= Work item =
Exactly the lines from the first line of the records to the line holding "Działka jest objęta" should be duplicated, and nothing more; pictures stay out.

Collected data:
-------

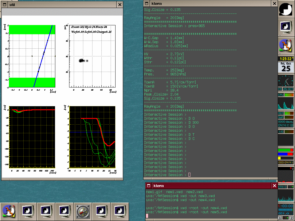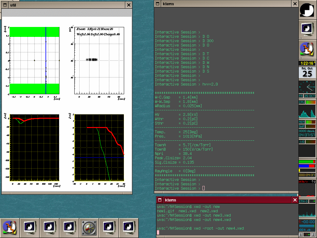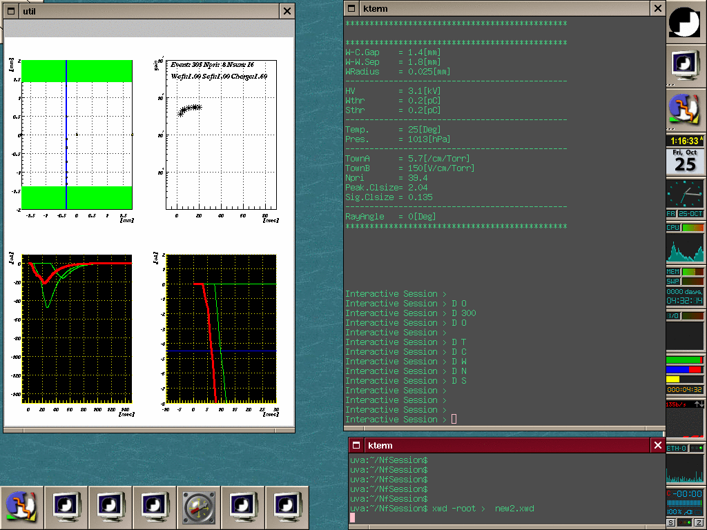 drift velocity、電離係数、gainと表示され、interactive sessionへ入る。
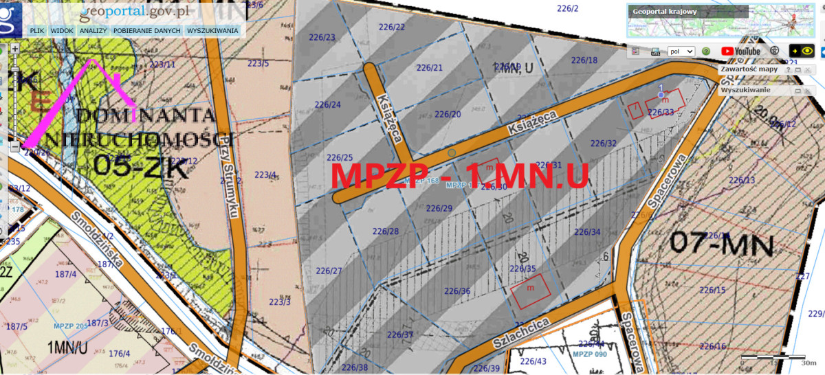 Działka jest objęta Miejscowym Planem Zagospodarowania Przestrzennego.
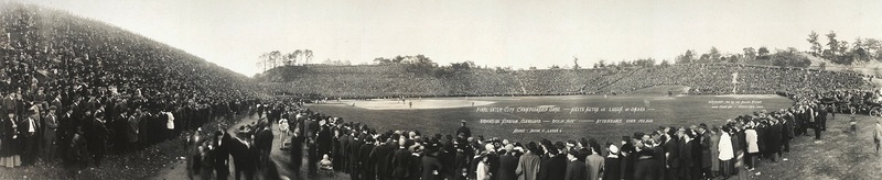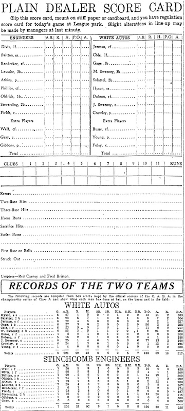 The match on October 10 was representative of everything amateur baseball could be: The White Autos of Cleveland were down three runs at the end the third inning. Pitcher Big Six Louis Crowley struggled against the Luxus, Omaha's championship team. The game turned at the bottom of the fourth inning. The Autos rallied with seven hits, three errors, two hit baseman and a sacrifice for a total of eight runs. The screams and cheers of the crowd amassed into a deafening roar that contributed to the chaos of the inning; the visiting team threw wildly and missed easy fly balls. The noise continued to stilt conversations and drown out a brass band performing for the occasion. Unable to recover, the Luxus lost by a score of 11 to 6. As soon as the umpire called the final out and the championship was secured, a crowd swarmed the field. Crowley was lifted on their shoulder, and impromptu versions of "The Star Spangled Banner" and "Hail, Hail, the Gang's all Here" were sung. A procession of trucks loaded with rooters and the band led the victorious White Autos down West 25th Street to the viaduct, and eventually to the Hollenden on Public Square. Once the festivities waned, the trucks drove the players back to East 79th Street- where the amateur team lived and worked at their sponsor's auto factory. The White Autos went on to win the national championship in San Francisco.
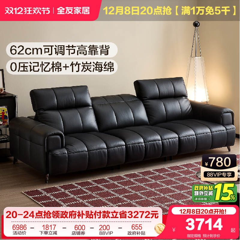 全友家居现代简约大黑牛真皮沙发2025新款客厅头层牛皮直排沙发
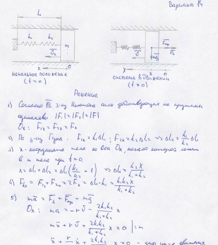 Каждая колебательная система (КС), представленная на рис. 28, 29, 30, 31, состоит из шайбы массой m и двух упругих пружин, имеющих жесткости k1 и k2 . Движение КС происходит в окружающей среде с малыми вязкими свойствами (малым коэффициентом сопротивления r). На рис. 28, 30 шайба колеблется под действием пружин, соединенных параллельно, а на рис. 29, 31 колебания происходят под действием пружин, соединенных последовательно. Массой пружин можно пренебречь. На рис. 28, 29 КС имеет горизонтальное расположение, а на рис. 30, 31 вертикальное расположение в поле силы тяжести. Длины 1-ой и 2-ой пружин в недеформированных состояниях равны l10 и l20. На рис.28, 30 L - длина каждой пружины в деформированном состоянии при t=0. На рис.29, 31 L - общая длина двух пружин в деформированном состоянии при t=0. Возможные векторы начальной скорости шайбы равны V1, V2. Шайбу, находящуюся в положении равновесия, смещают до расстояния L, а затем импульсом придают ей в начальный момент времени t=0 скорость V1 или V2 , в соответствии с заданием (см. таблицы №10 - 13). В результате КС приходит в колебательное движение.
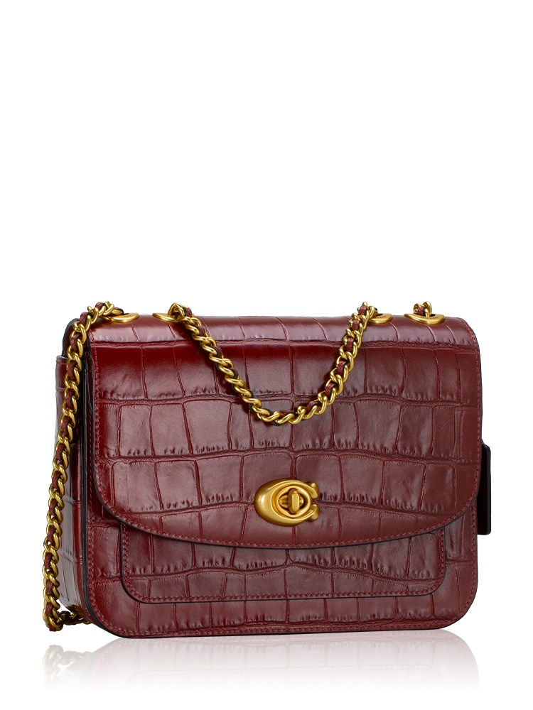 C6288 Madison Embossed Croco Shoulder Bag Wine
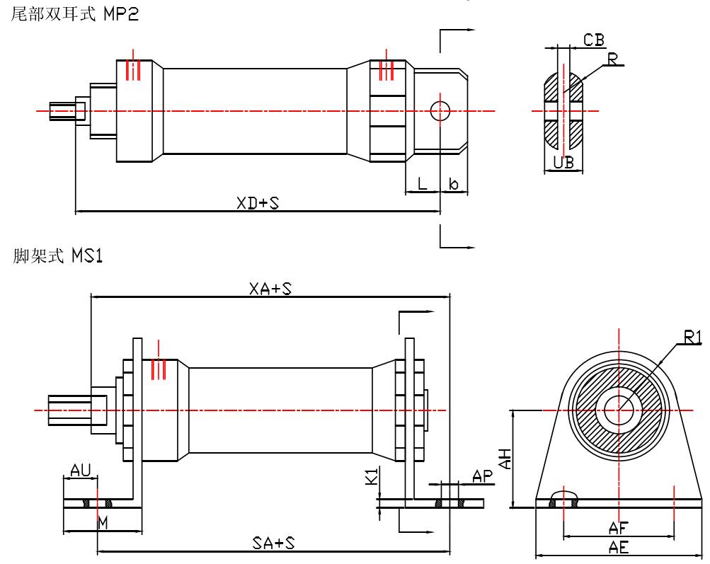 *單活塞桿、活塞雙向作用,無緩沖裝置。
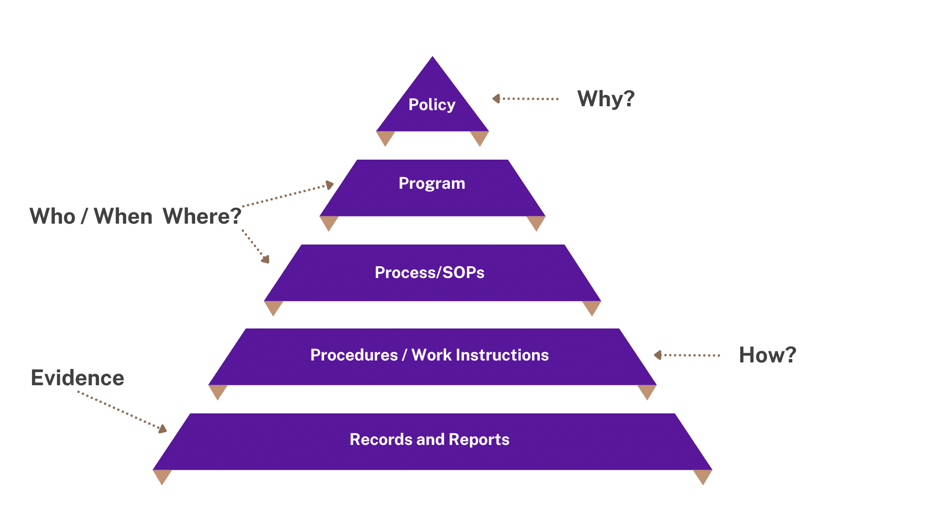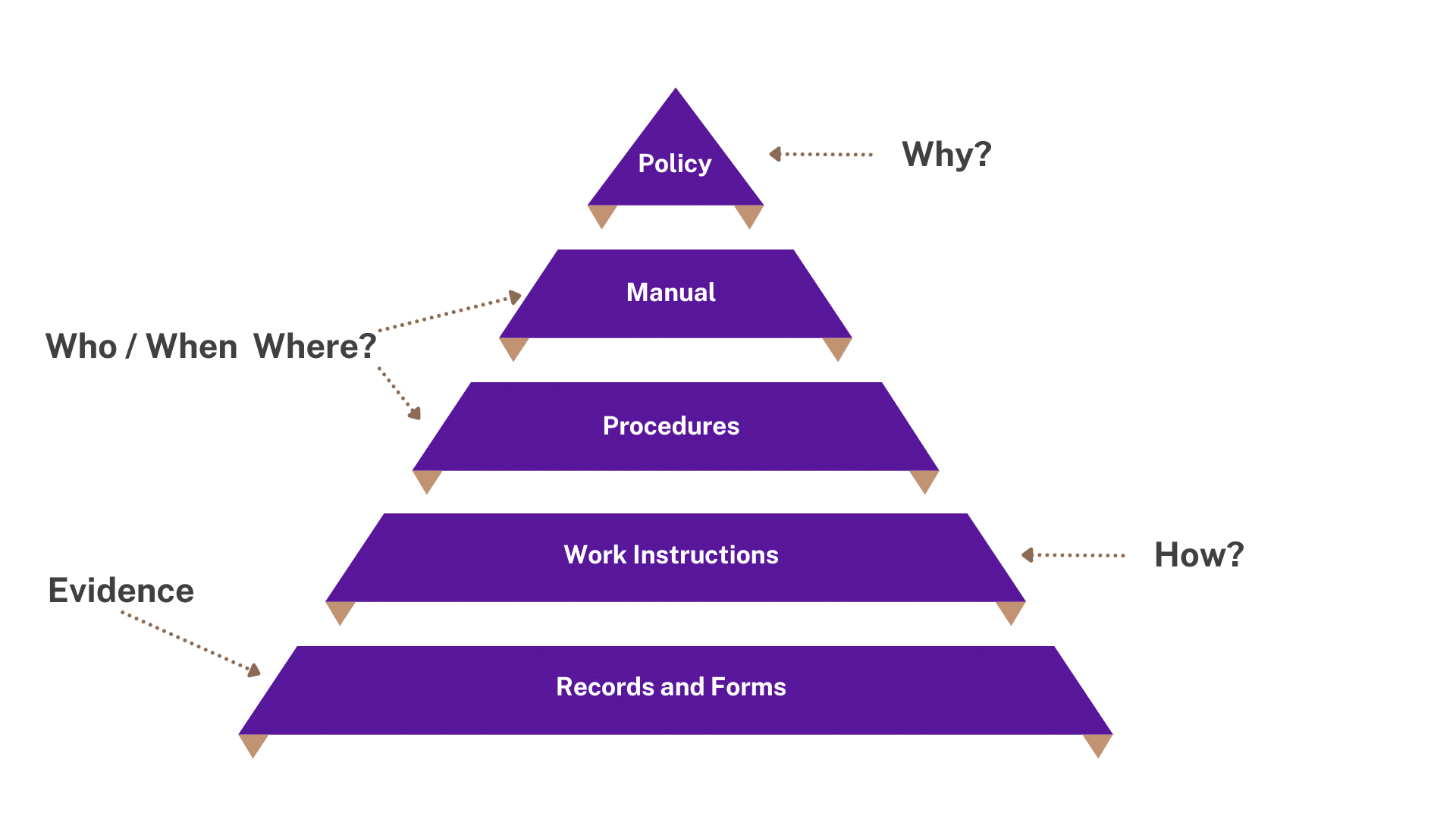 We’ll help you define your documentation hierarchy. This involves separating the documents into tiers from the most general to the most specific. For example, a common document hierarchy includes:
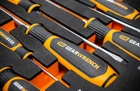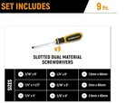 GEARWRENCH 9-Piece Slotted Screwdriver Set in Foam Tray - GWMSSCRSL Dual material handle offers a more comfortable grip and higher performance Non-slip black oxide tip for more secure fit in fastener Ergonomic tri-lobe dual material handle provides the optimal balance of strength and efficiency Full polish alloy steel screwdriver shaft prevents rust and corrosion “Speed Zone” handle design for faster rotation in low-torque applications When you receive your order and have any queries or concerns about the product, feel free to message us. We guarantee 100% resolution for you. Our commitment is to provide high-quality products and exceptional customer service, ensuring your trust and satisfaction.
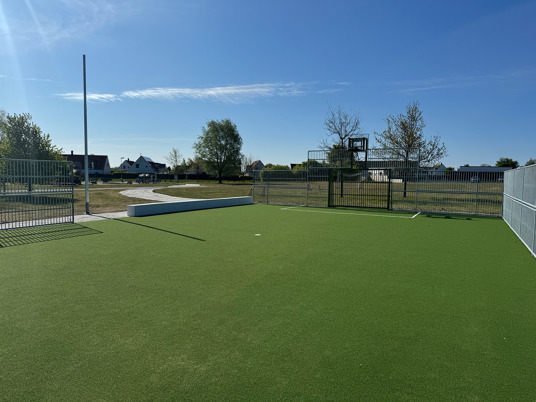 För att möta kommunens krav på slitstyrka och låg underhållsnivå valdes varmförzinkade stålkonstruktioner i kombination med slitstarkt konstgräsunderlag och betongmoduler. Resultatet är en anläggning som tål både flitig användning och väderpåverkan – och som samtidigt smälter in naturligt i parkens grönska.
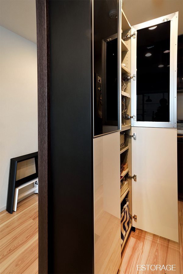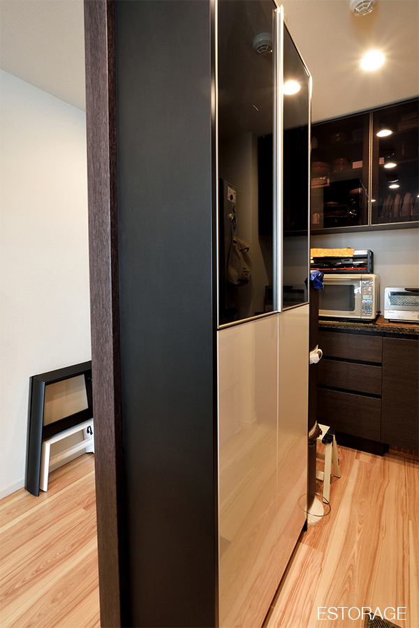 これによってリビング側からは食器棚の側面だけが見えるため、キッチンの印象がスッキリしました。
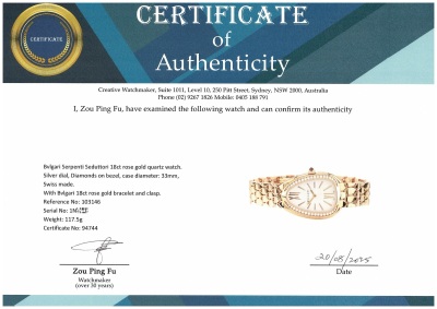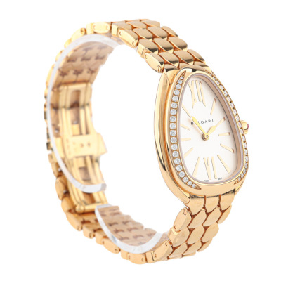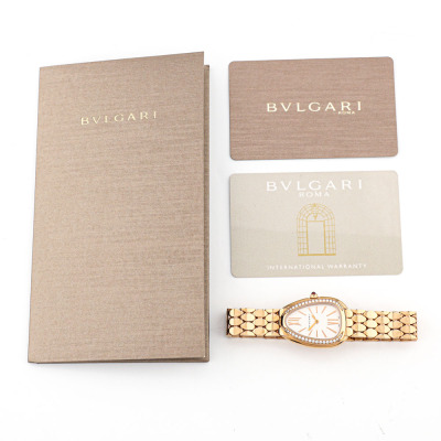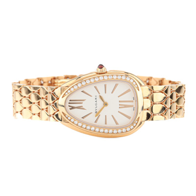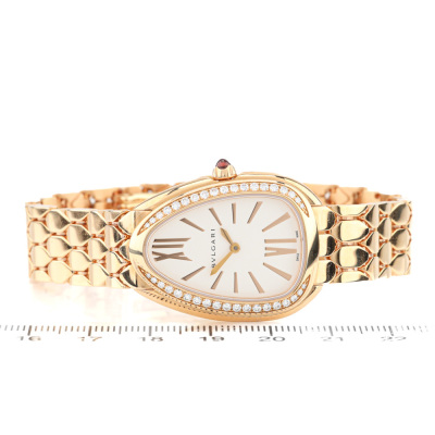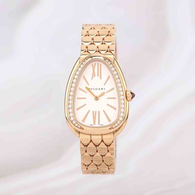 Bvlgari Serpenti Seduttori 18ct rose gold quartz ladies watch. Silver dial, Diamonds on bezel, case diameter: 33mm, writ size: 17.5cm, Swiss made. Ref# 103146. With Bvlgari 18ct rose gold bracelet and clasp. With Certificate of Authenticity, Bvlgari International Warranty card dated 08/01/2023 and Bvlgari box. Balance of 5 year Bvlgari manufacturer warranty applies. (Pre-owned)

-------

= Expected answer =
 drift velocity、電離係数、gainと表示され、interactive sessionへ入る。
 Działka jest objęta Miejscowym Planem Zagospodarowania Przestrzennego.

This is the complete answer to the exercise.